Eventually, visiting GRAFANA_URL will present you with a login page. Here are the credentials for logging in:

  • username: admin

  • password: located in helm-charts/support/enc-support.secret.values.yaml (sops encrypted).

Register the cluster’s Prometheus Server with the central Grafana#

Once you have deployed the support chart, you must also register this cluster as a datasource for the central Grafana dashboard. This will allow you to visualize cluster statistics not only from the cluster-specific Grafana deployement but also from the central dashboard, that aggregates data from all the clusters.

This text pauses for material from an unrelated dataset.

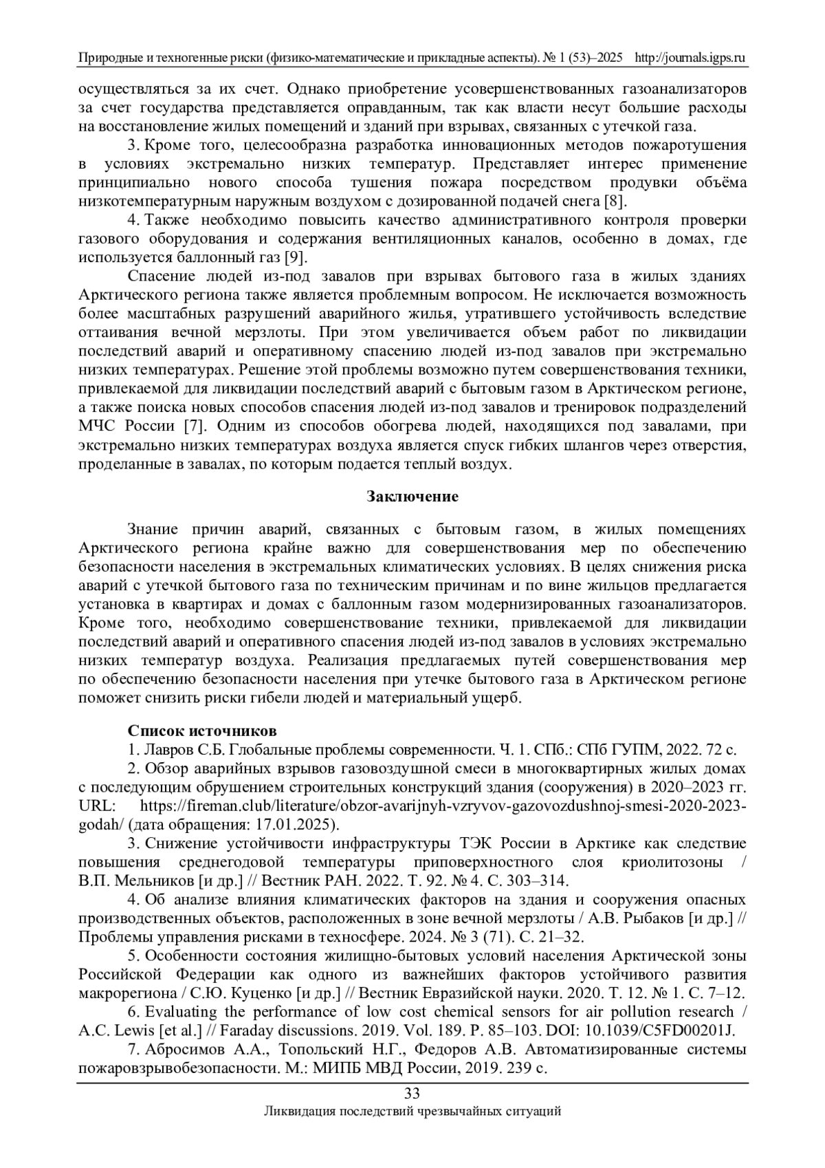 Рассматриваются проблемы, связанные с обеспечением безопасности населения при авариях с утечкой бытового газа, характерных для жилых домов Арктической зоны вследствие географических и климатических условий. Проведен анализ основных причин аварий с бытовым газом на территории России и сформулированы их особенности. Предлагаются пути усовершенствования мер безопасности посредством установки улучшенных газоанализаторов в квартирах с возможностью оповещения газовых охранных служб и жильцов, применения более совершенных технических средств тушения пожаров, способов ликвидации последствий разрушений и средств по экстренному спасению пострадавших из-под завалов при экстремально низких температурах воздуха.

Run the update_central_grafana_datasources.py script in the deployer to let the central Grafana know about this new prometheus server:

$ python3 deployer/update_central_grafana_datasources.py <grafana-cluster-name>

Where:

  • is the name of the cluster where the central Grafana lives. Right now, this defaults to “2i2c”.

Setting up Grafana Dashboards#

Once you have logged into grafana as the admin user, create a new API key. You can do this by selecting the gear icon from the left-hand menu, and then selecting API keys. The key you create needs admin permissions.

Keep this key safe as you won’t be able to retrieve it!

Create the file config/clusters/<cluster>/grafana-token.secret.yaml with the following content.

grafana_token: PASTE_YOUR_API KEY HERE

Then encrypt this file using sops like so:

sops --output config/clusters/<cluster>/enc-grafana-token.secret.yaml --encrypt config/clusters/<cluster>/grafana-token.secret.yaml

The encrypted file can now be committed to the repository.

This key will be used by the deploy-grafana-dashboards workflow to deploy some default grafana dashboards for JupyterHub using jupyterhub/grafana-dashboards.

Deploying the Grafana Dashboards from CI/CD#

Once you’ve pushed the encrypted grafana_token to the GitHub repository, it will be possible to manually trigger the deploy-grafana-dashboards workflow using the “Run workflow” button from here to deploy the dashboards.

You will first need to add the name of the cluster as a matrix entry in the deploy-grafana-dashboards.yaml workflow file and commit the change to the repo.

Note

The workflow only runs when manually triggered.

Any re-triggering of the workflow after the initial deployment will overwrite any dashboard created from the Grafana UI and not stored in the jupyterhub/grafana-dashboards repository.